Problem details
Below are entries; copy exactly, and only, the lines from the one containing "Los relatos mitológicos" through their final line, leaving out pictures.

Task material
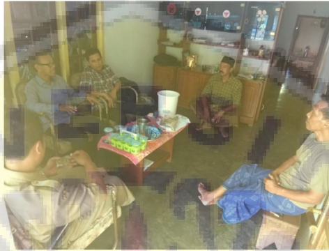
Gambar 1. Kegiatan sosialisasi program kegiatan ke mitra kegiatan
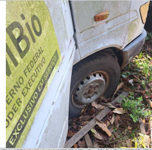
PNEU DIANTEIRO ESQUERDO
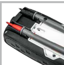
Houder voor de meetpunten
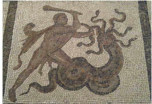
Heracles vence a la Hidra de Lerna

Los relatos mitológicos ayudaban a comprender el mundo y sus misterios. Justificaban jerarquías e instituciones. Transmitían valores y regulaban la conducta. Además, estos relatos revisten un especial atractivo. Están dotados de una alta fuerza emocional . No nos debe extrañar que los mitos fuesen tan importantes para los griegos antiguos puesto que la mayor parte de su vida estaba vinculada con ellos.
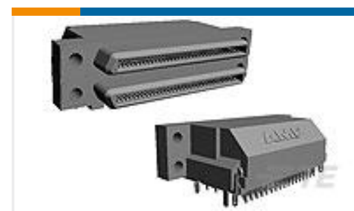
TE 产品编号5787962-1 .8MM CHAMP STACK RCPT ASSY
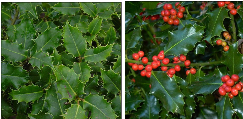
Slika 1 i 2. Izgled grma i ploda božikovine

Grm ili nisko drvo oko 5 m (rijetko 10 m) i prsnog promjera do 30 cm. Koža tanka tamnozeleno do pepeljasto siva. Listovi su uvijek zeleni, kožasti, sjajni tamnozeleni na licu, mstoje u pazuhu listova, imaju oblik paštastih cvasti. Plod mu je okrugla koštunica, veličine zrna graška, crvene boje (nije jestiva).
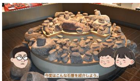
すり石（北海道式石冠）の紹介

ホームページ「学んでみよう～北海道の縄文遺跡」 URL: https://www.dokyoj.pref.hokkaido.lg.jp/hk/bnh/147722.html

Task result
Los relatos mitológicos ayudaban a comprender el mundo y sus misterios. Justificaban jerarquías e instituciones. Transmitían valores y regulaban la conducta. Además, estos relatos revisten un especial atractivo. Están dotados de una alta fuerza emocional . No nos debe extrañar que los mitos fuesen tan importantes para los griegos antiguos puesto que la mayor parte de su vida estaba vinculada con ellos.
TE 产品编号5787962-1 .8MM CHAMP STACK RCPT ASSY
Slika 1 i 2. Izgled grma i ploda božikovine

Grm ili nisko drvo oko 5 m (rijetko 10 m) i prsnog promjera do 30 cm. Koža tanka tamnozeleno do pepeljasto siva. Listovi su uvijek zeleni, kožasti, sjajni tamnozeleni na licu, mstoje u pazuhu listova, imaju oblik paštastih cvasti. Plod mu je okrugla koštunica, veličine zrna graška, crvene boje (nije jestiva).
すり石（北海道式石冠）の紹介

ホームページ「学んでみよう～北海道の縄文遺跡」 URL: https://www.dokyoj.pref.hokkaido.lg.jp/hk/bnh/147722.html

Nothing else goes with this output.